Saturday 14 September 2024
Alexander Wilson on the Whippoorwill
Wednesday 4 September 2024
Review: "River"
Abi
Morgan (Creator), “River”, Kudos/Shine International/BBC One/Netflix, 2015.
Convincing
an audience that something fantastic is going on in your fictive work is a bit
of a high-wire act. If your target demographic isn’t convinced of what you’re
trying to sell, then the whole enterprise quickly falls apart. The easy
solution would seem of course - in the case of a visual medium effort – to
obtain the best actors, directors, cinematographers – what have you - that
money can buy; in this instance, I think the creators have knocked it out of
the park.
There
is a spooky premise to this show – a supernatural rationale – but I don’t want
to let any cats out of their bags. Going in on these six episodes, I had no
idea what to expect: I was looking for a gritty British police procedural to
while away an evening’s ennui and I suddenly had just that, along with
something completely unexpected and – dare I say? – delightful. Of course, the
presence of Stellan Skarsgård and Nicola Walker
meant that – had this been simply a stultifying home renovation program – I would still have watched the hell out of it; the supernatural aspects of this show were
merely the excellent icing atop this wonderful cake.
The
BBC is the spiritual home of the police drama. No-one else takes the sordid
realities of the Street and boils them down to soul-crushing narratives in
quite the same way. Take for example, the new show “The Responder” which
is doing the rounds at the moment. I started watching this and had to stop.
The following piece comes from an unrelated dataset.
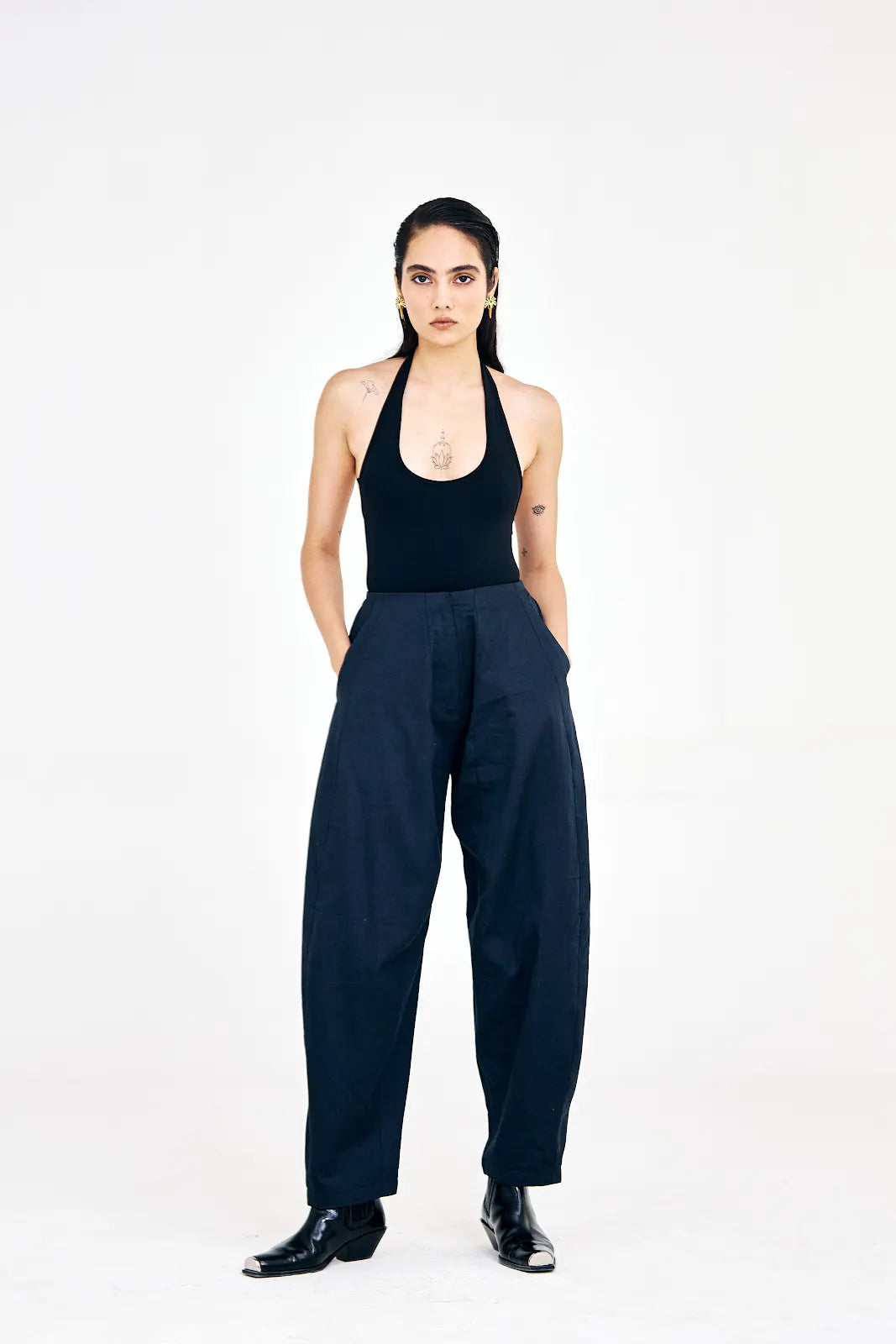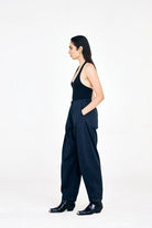 Crafted in cotton twill, these navy blue barrel pants feature a relaxed fit with functional side pockets for everyday ease. Designed for versatility, they pair well with simple tank tops or can be styled with the matching navy blue waistcoat for a coordinated look.

The
grubby particulars of this show were almost too much to bear. I mean, there’s
dark, and then there’s this: it’s like an exercise in pushing the envelope;
there’s a gleefully iconoclastic edge to everything going on that actually
starts to break the audience’s engagement due to its intensity. All that aside
however, my main issue with it is that Martin Freeman – who I normally find
eminently watchable - is completely miscast. There’s something about his
performance and physical presence that is at odds with the material – maybe he
was trying to prove that he too, could swan about like “Cracker” in a
downbeat thug-fest, but I’m here to tell you that he can’t. No amount of
withholding the razor and a good night’s sleep can knock the optimistic shine
off Bilbo Baggins. There’s something quintessentially Home Counties about him
that a bad haircut can’t disguise.
Now,
if you had put Stellan Skarsgård in his shoes, then, you’d have something…
In
“River”, my one issue is that the world – despite everything that comes
out in the conclusion of this show – is a little too vanilla for the actors at
hand. This is a plus and a minus: most of the drama here is internal with John
River balancing his workload with his mental trauma, psychological scars which
absolutely could not have been portrayed this well by any other thespian.
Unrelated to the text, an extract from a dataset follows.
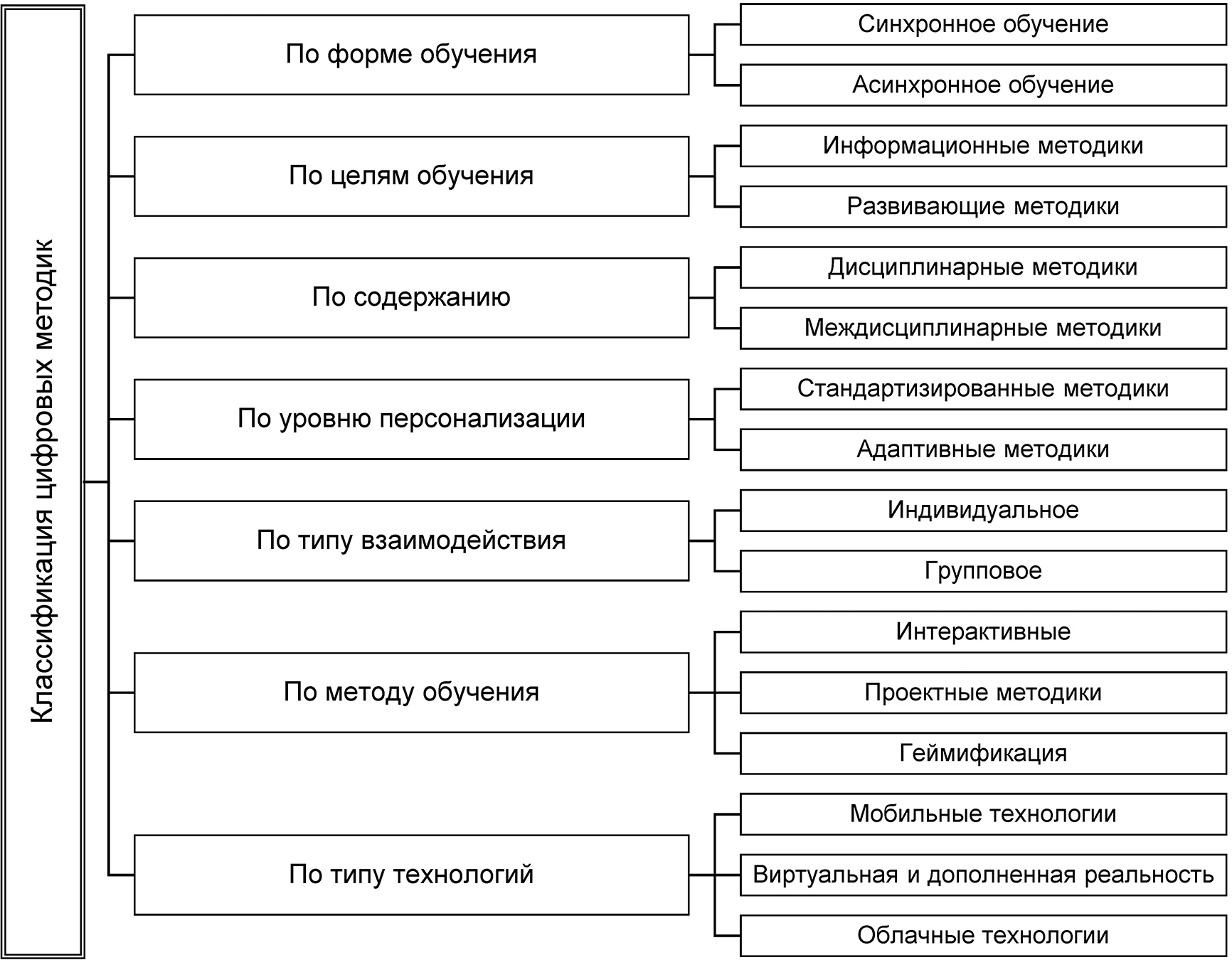 Цифровые методики обучения можно классифицировать по различным критериям, в зависимости от целей, формата, технологий и методов взаимодействия. Результаты проведенной нами классификации цифровых образовательных методик по семи критериям представлены ниже (рис. 1).

Having witnessed his partner, and the person whom he had just begun to realise
was the love of his life, gunned down brutally before him in the street, River
starts tiptoeing around both his work colleagues and the enforced psychological
review that he’s made to engage with, while simultaneously trying to solve the
mystery of who his partner’s assailant was. That he hears – and responds to –
voices unheard by those around him makes the knife-edge levels of his sanity
more than apparent to everyone, including himself.
It's
a testament to the writing that we don’t spot these voices until at least
two-thirds of the way through the first episode. The writing allows the
spookiness to slide right under the radar until the story deems it necessary to
reveal the supernatural goings-on to the audience and it hits like a chill
bucket of water to the face. I had been riding along with this show, enjoying
the banter and the easy relationship of the two leads when suddenly I knew that
I had something a bit extra to be getting on with. Right, I thought, this has
taken a turn: I’d better strap in. Seriously though, with these two actors –
plus the addition of a 70s disco soundtrack – if nothing at all had changed, I
would have kept watching.
These
supernatural elements are exquisitely handled. Everything occurs against the
backdrop of John River’s mental disintegration and the plot becomes highly
equivocal depending upon where you stand. The information that River receives
from his spiritual sources is slippery and, at every stage, John, his
co-workers, the suspects of his investigation, never know whether the
information he’s working with is real or not, or whether it can be used in the
chain of evidence. It’s a bravura performance from the writers and the actors
and, because it’s all based upon a solid set of rules governing the spectral
that the creators have set out clearly from the start, it works a treat. The
scenes wherein John and his work-appointed psychologist play cat-and-mouse
around the possibility of supernatural forces at play, are crafted to
perfection and wonderful to observe.
The
only real grizzle I have with the show is everything is a little too neat. The
action takes place in a very enclosed world – every character leads to the next
significant character and the narrative has a consequent hermetic feel to it.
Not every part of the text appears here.